BEGIN Extracted material

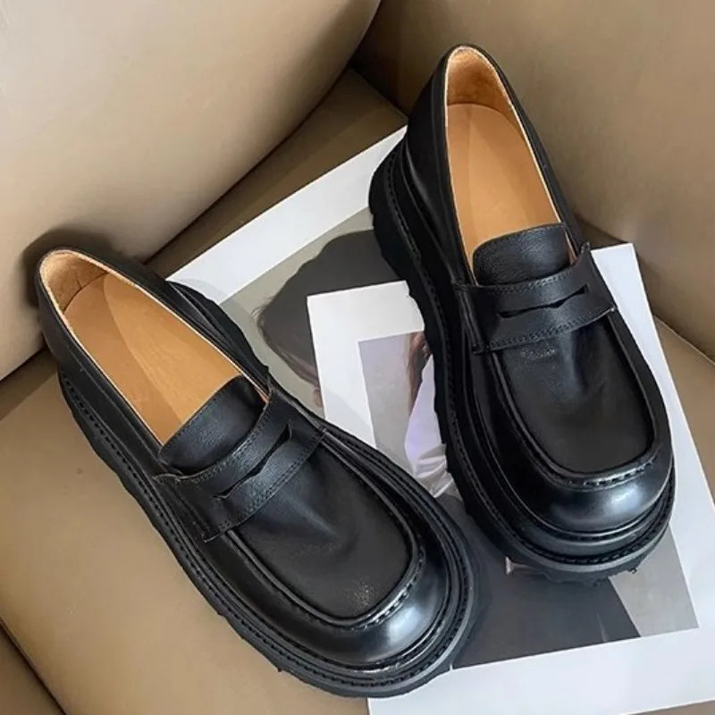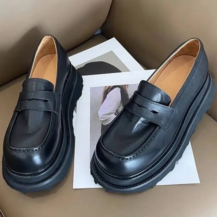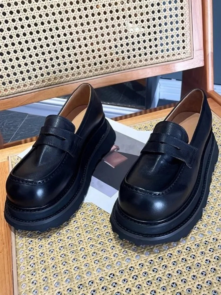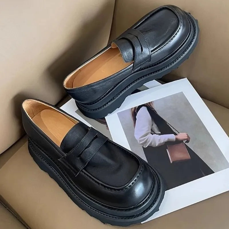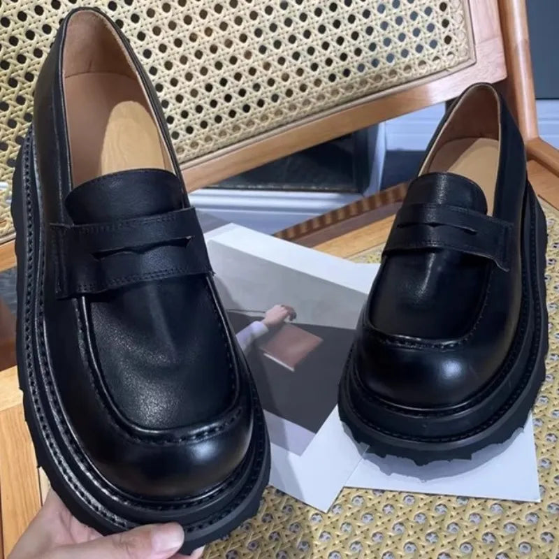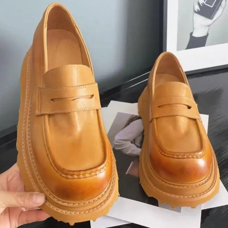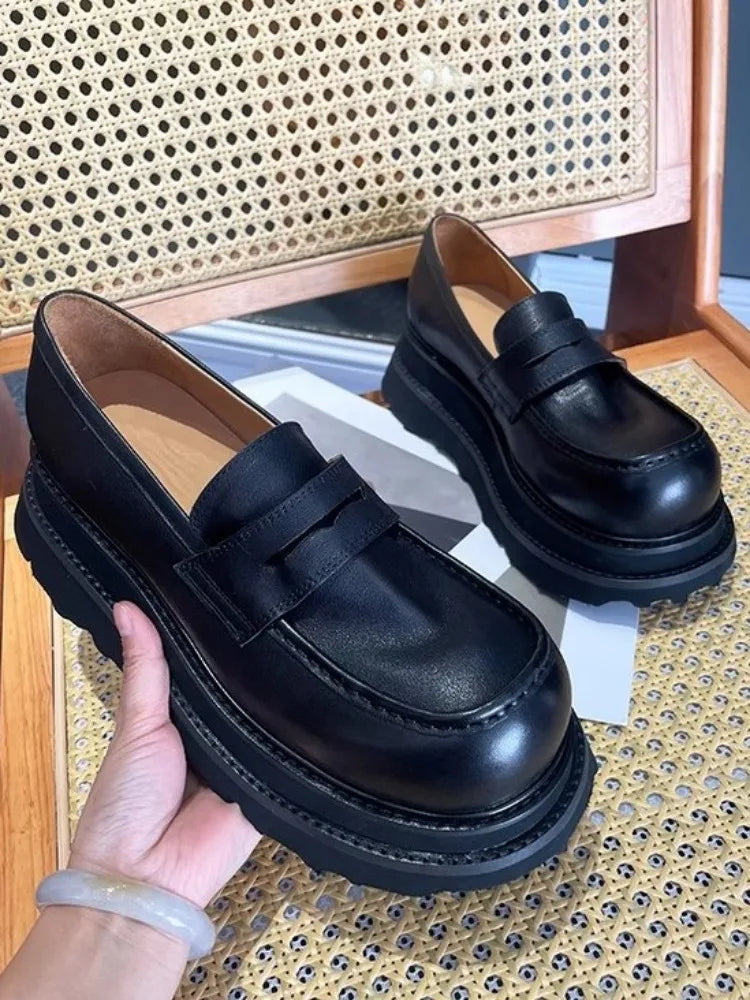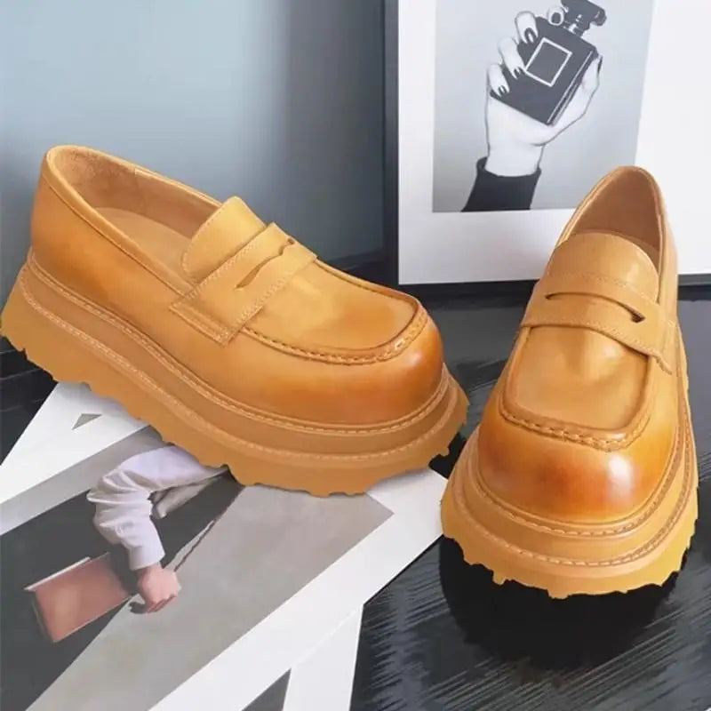 Men's Cowhide Solid Color Round Toe Height Increasing Designer Style Slip On Loafers
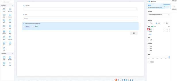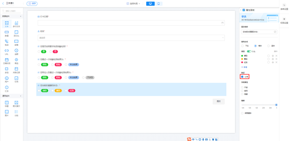 - 拖动单选组件到指定位置,如图书设置属性(带颜色的黄色小圆,进行颜色设置)
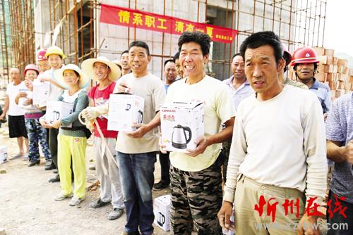 圖為靜樂縣工會為該縣殘疾人康復和托養(yǎng)中心工程施工現(xiàn)場工人發(fā)放熱水壺。
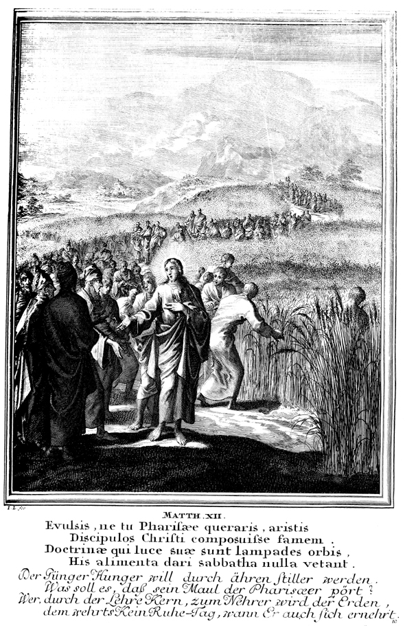 Description: The Pharisees question Jesus about allowing his disciples to pick grain on the Sabbath.
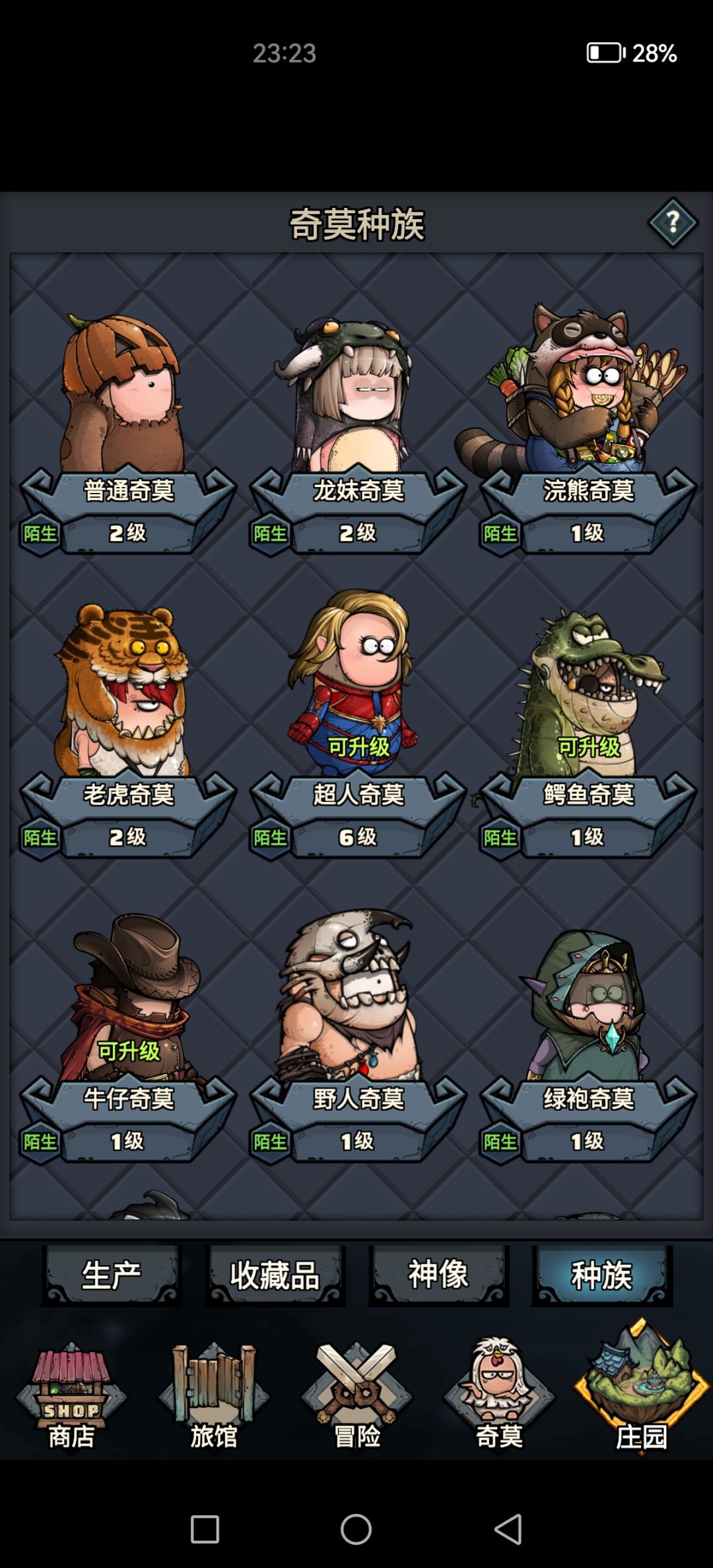 解锁各个种族,每个种族都有专属的被动和卡牌,种族等级影响招募角色的属性
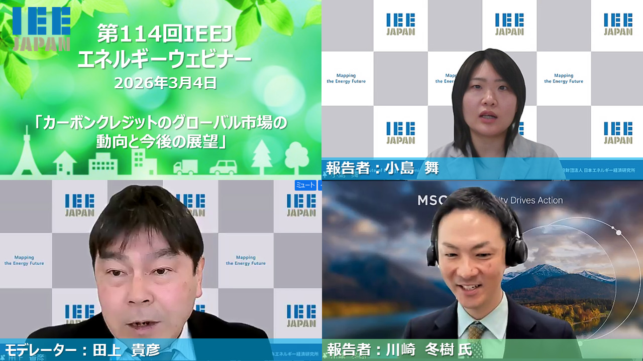 執筆者 小島 舞(IEEJ)、川崎 冬樹 氏(APAC) 第114回 IEEJエネルギーウェビナーの動画になります。(2026.3.4開催)
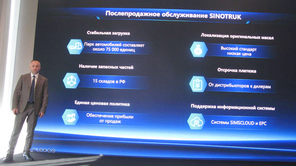 Директор по послепродажному обслуживанию «Синотрак Рус» Михаил Жирнов сообщил, что в настоящее время общий парк грузовиков Sinotruk и HOWO в РФ составляет порядка 75 тыс. ед. Для защиты от контрафакта была проведена работа по ограничению поступления на рынок не оригинальных запчастей.
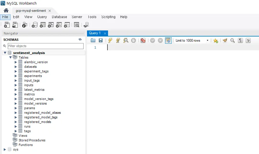 이때, Backend store로서 GCP SQL을 지정했습니다. 따라서, GCP에 있는 데이터베이스에 관련 데이터가 자동으로 저장됩니다.
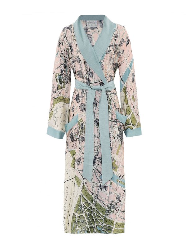 The One Hundred Stars Paris Map gown makes a luxurious house coat or can be layered as a chic addition to any outfit. This lightweight gown has am elegant full length silhouette and features a self-tie waist belt for a flattering fit. It's complete with a fold over collar, two patch pockets at the front and a gorgeous Paris map print for a chic finish. Wear with your favourite loungewear, or team with skinny jeans and a basic tee for an on-trend look.
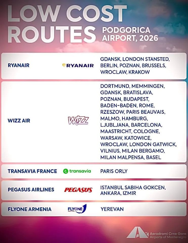- Podgorica Airport – a year-round, functional airport focused on affordability and work-related travel
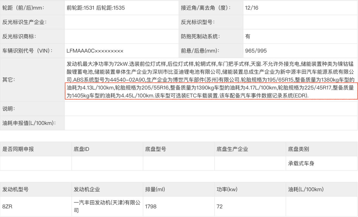 动力方面,卡罗拉也完成了一次关键升级。在这一批申报中,卡罗拉依旧提供了燃油版与油电混动版,其中,燃油版终于迎来了与海外一致的2.0L自然吸气发动机,M20E型号2.0L本质上是荣放RAV4的同源版本,能提供126kW(171Ps)的最大功率,而峰值扭矩预计有206N·m,传动上预计也会继续提供10速CVT无级变速箱,整体性能会优于现款燃油版。同时,油电混动依旧为1.8L发动机与电机的组合,根据配置规格不同,其可实现4.13-4.45L/100km的综合油耗。不过,这组数据是稍稍高于现款的,不知道量产上市后会不会有什么变化。
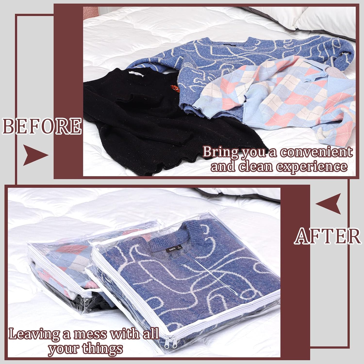 - Versatile Uses: these sweater storage bags can be applied to store your sweaters, fabrics, quilts, sheets, blankets, cosmetics, pillows, or whatever else you want to store in a practical and space saving way
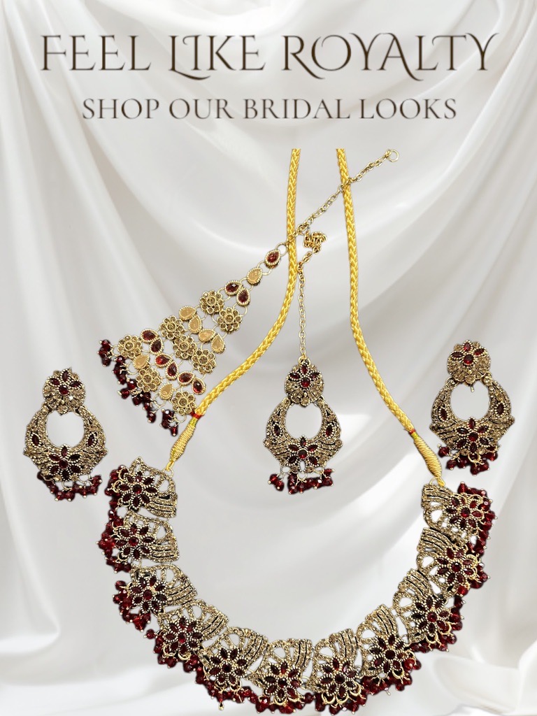 5-piece Maroon and Gold Beaded Bridal Jewellery Set
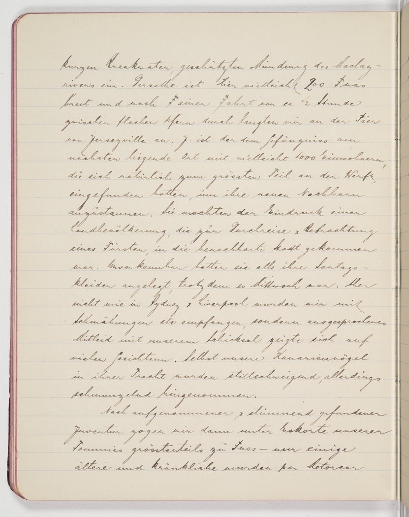 200 feet wide, and after a pleasant trip of about half an hour along shallow banks we arrived at the pier of Jerseyville. J. is the township closest to the prison, of about 1000 inhabitants, which of course had more or less all appeared at the wharf to take a look at their new neighbours. They looked like rural people who had come to gawk at a passing prince. Unmistakeably they were in their Sunday best, even though it was a Wednesday. But unlike Sydney and Liverpool, we were not received with insults, etc; quite on the contrary, empathy with our lot was visible on a many a face. Even our canaries in their costumes were observed silently, if not slightly amused.
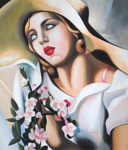 Obraz olejny inspirowany malarstwem Tamary Łempickiej! Praca malarska przedstawiająca postać kobiety. Obraz namalowany w pięknej tonacji kolorystycznej!
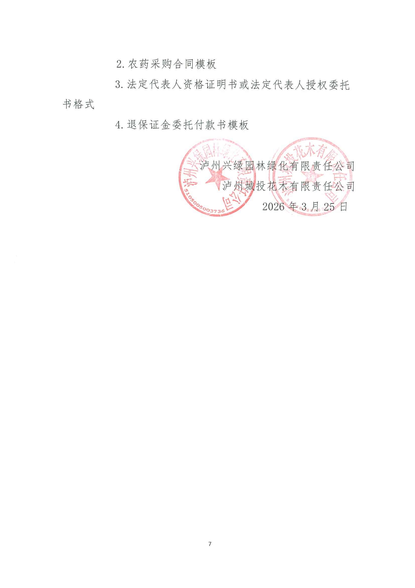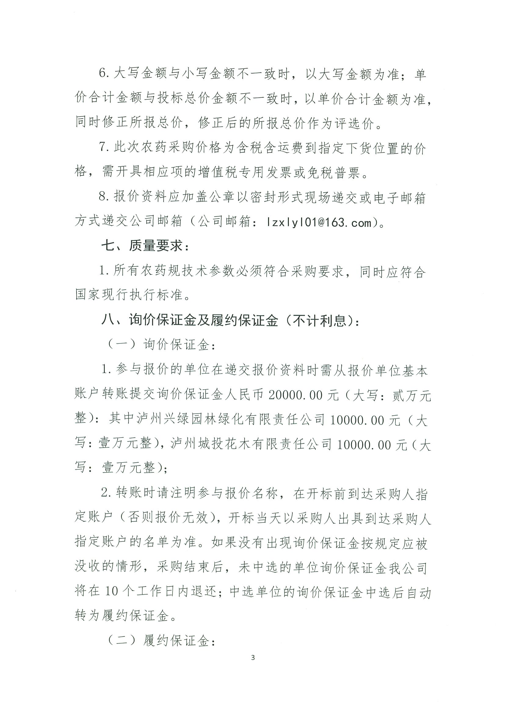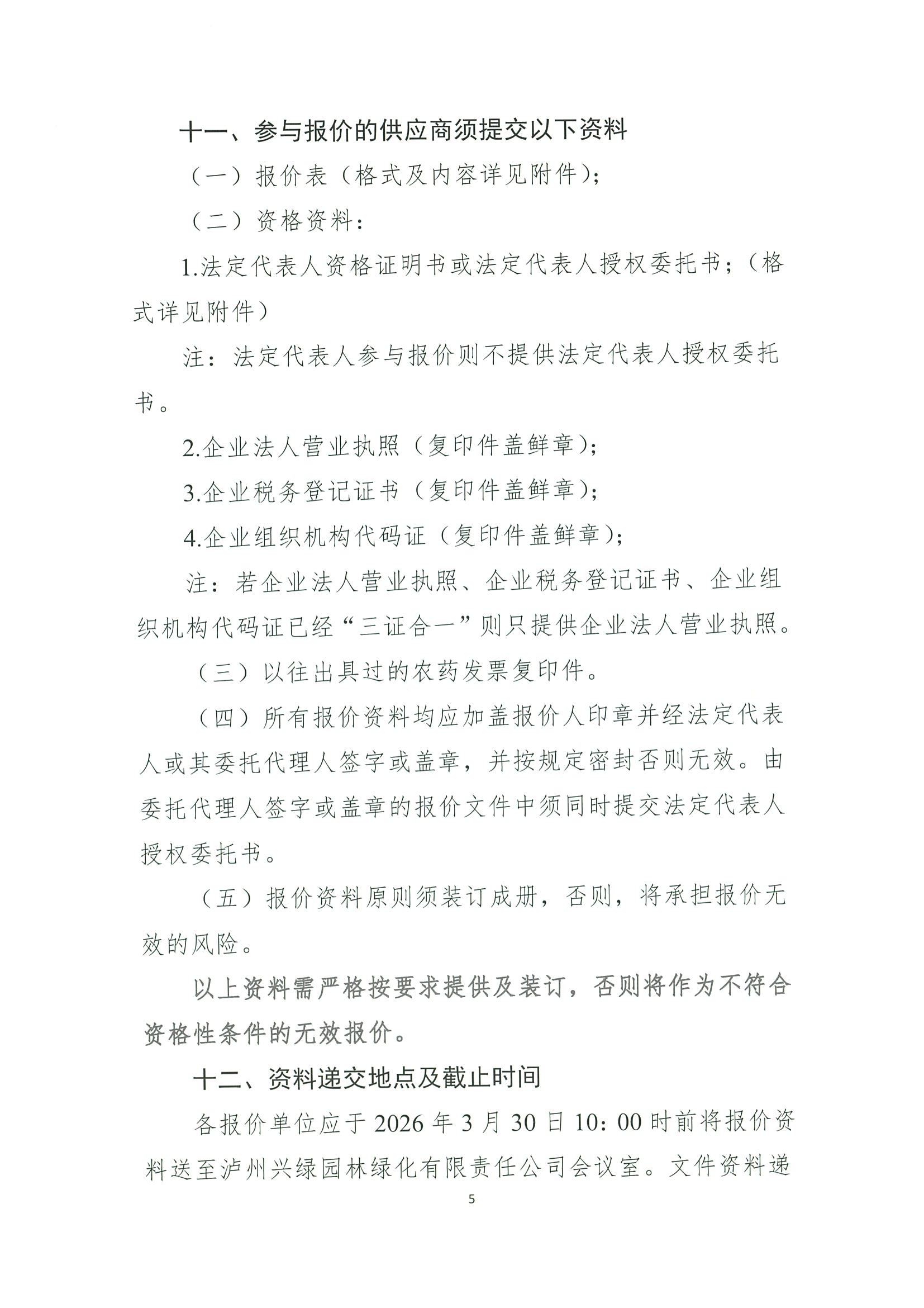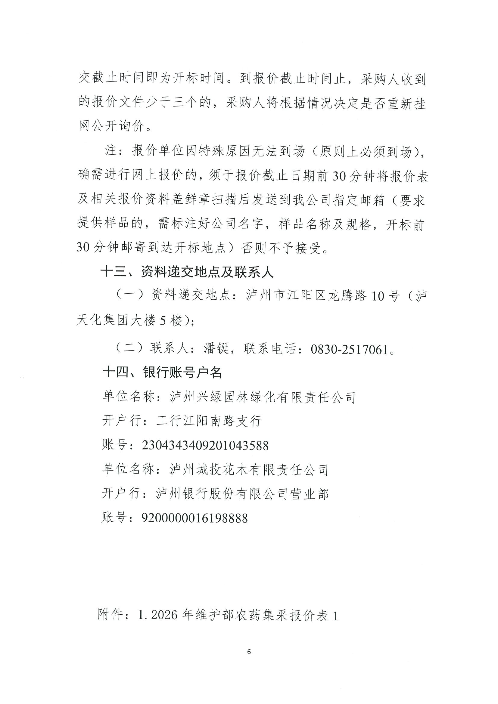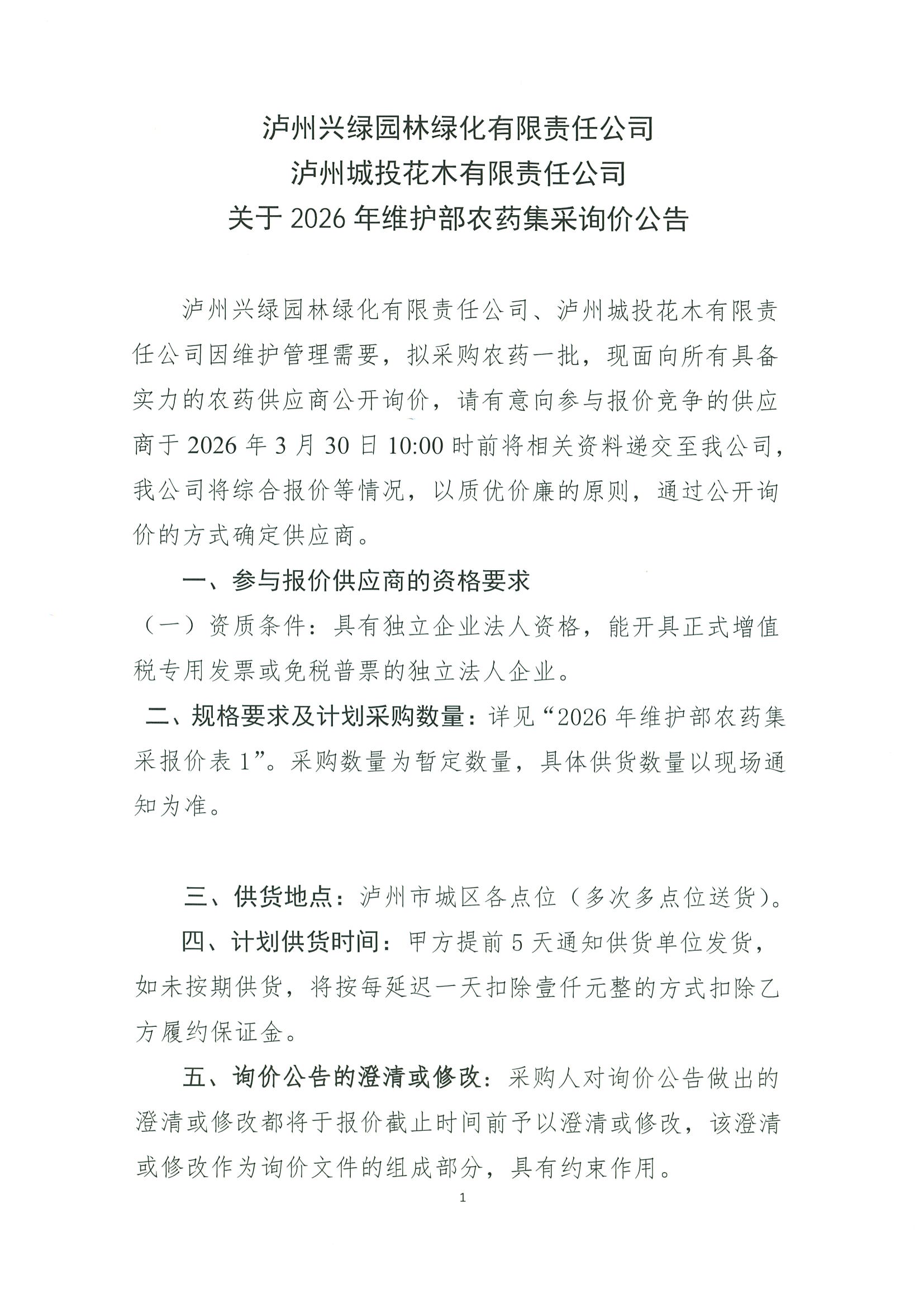 瀘州興綠園林綠化有限責任公司、瀘州城投花木有限責任公司關(guān)于2026年維護部農(nóng)藥集采詢價公告

END Extracted material

* Work required *
Using the records above, return verbatim only the part that opens with the line containing "- Versatile Uses: these" and closes with the line containing "5-piece Maroon and"; pictures stay out.

* Answer *
 - Versatile Uses: these sweater storage bags can be applied to store your sweaters, fabrics, quilts, sheets, blankets, cosmetics, pillows, or whatever else you want to store in a practical and space saving way
 5-piece Maroon and Gold Beaded Bridal Jewellery Set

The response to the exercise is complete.